Yesterday evening the age verification part of the Digital Economy Bill received its final outing in the House of Lords so I think we can confidently say we have reached an important point of inflection. The government deserves to be congratulated for moving forward on both fronts in step in this way.
When, exactly, the age verification law will come into effect has still to be determined and it is also the case anyway that because the Lords changed the Bill it has to go back to the Commons to see if they agree. I think it is likely they will but unless and until that has happened we should all keep the champagne on ice.
In relation to the age verification provisions, it will, of course, be vital to monitor the efficacy of the new arrangements. As the various clauses came under intense scrutiny in the Lords a few rough edges were revealed in terms of the definitions to be used in relation to the sorts of material which the Regulator ought to disallow on a site that wants to be accepted as being an age verified site.
However, in responding to various points coming from the opposition parties the Minister made two telling comments:
We absolutely do not intend to create a regime that unintentionally legitimises all types of sexually explicit content as long as age verification controls are in place.
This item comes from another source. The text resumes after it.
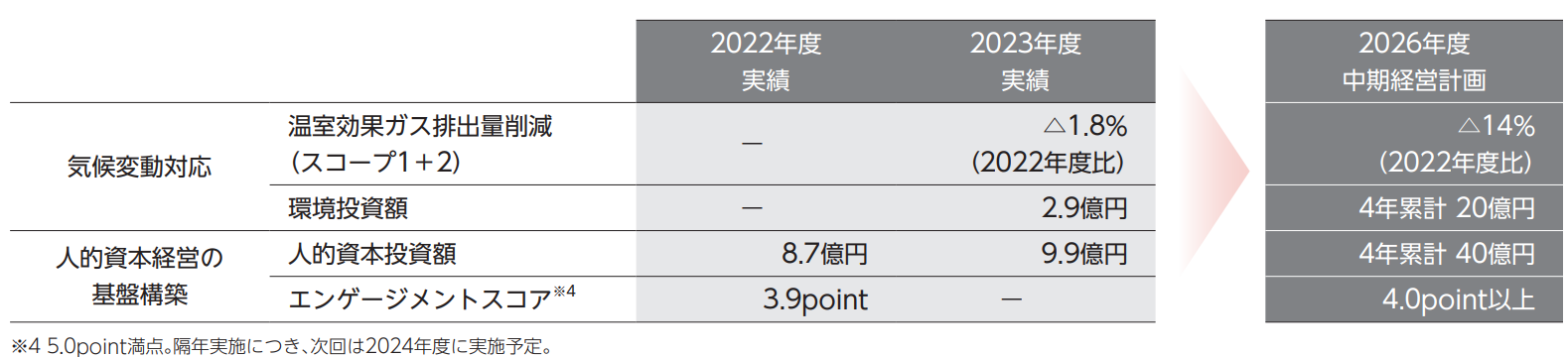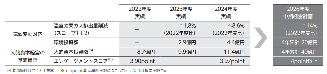 中期経営計画では7つのマテリアリティを掲げて取り組みを進めていますが、特に注力している「気候変動対応」と「人的資本経営の基盤構築」について触れていきたいと思います。

We are most definitely not saying that material not allowed under other legislation is allowed if age verification is in place.
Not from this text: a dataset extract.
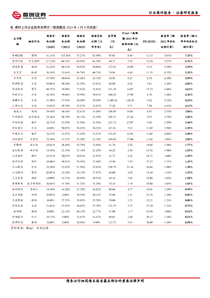 首创证券:建材行业简评报告:市场风险偏好降低,关注高股息率建材企业.pdf

That is why (we make) it absolutely clear that content behind age verification controls can still be subject to criminal sanctions provided by existing legislation.
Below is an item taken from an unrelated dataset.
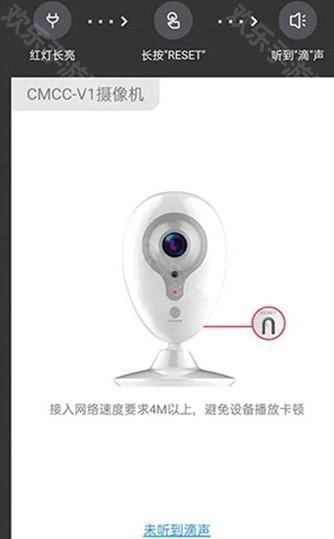 3、在重置摄像机页面,点击听到滴声。

- But we concede that there is unfinished business here. Having protected children, we still need to examine other online safety issues ….. my department is leading cross-government work on an internet safety strategy that aims to make the UK the safest place in the world to go online.
The Minister, not unfairly, made the further observation that the prime focus of Part 3 of the Bill had been to achieve a higher degree of online child safety by establishing an age verification regime for commercial pornography websites. This is a world first for a liberal democracy and goodness knows there is much that needs to be done to get it all working properly and in a privacy-respecting manner.
It was never envisaged that the Bill was to be a trigger for a wider debate about what sorts of pornography are more or less acceptable, whether being viewed by children or not. But just because children cannot view certain types of material, because they are behind an age verification wall, it does not mean that its continued availability to adults does not constitute a threat to children. Such material might encourage, promote or appear to legitimize or condone harmful behaviours which either directly or indirectly put children at risk. That was most certainly the view expressed by several Peers who tried, unsuccessfully, to get the House of Lords to adopt a more expansive remit. Nevertheless, in the cross-government exercise to which the Minister referred perhaps these matters can be looked at with a view to bringing in new legislation if necessary.
However, to return to the Minister’s remarks about ….We are most definitely not saying that material not allowed under other legislation is allowed if age verification is in place.
Does this mean that if the Regulator finds any such material it must require it to be removed? It would look very odd indeed, would it not, if a web site owner were ever charged with breaking the law for publishing material found on an age verified web site when that same site had been given the green light under a system ushered in by an Act of Parliament? Hey ho. It all adds to the gaiety of the nation.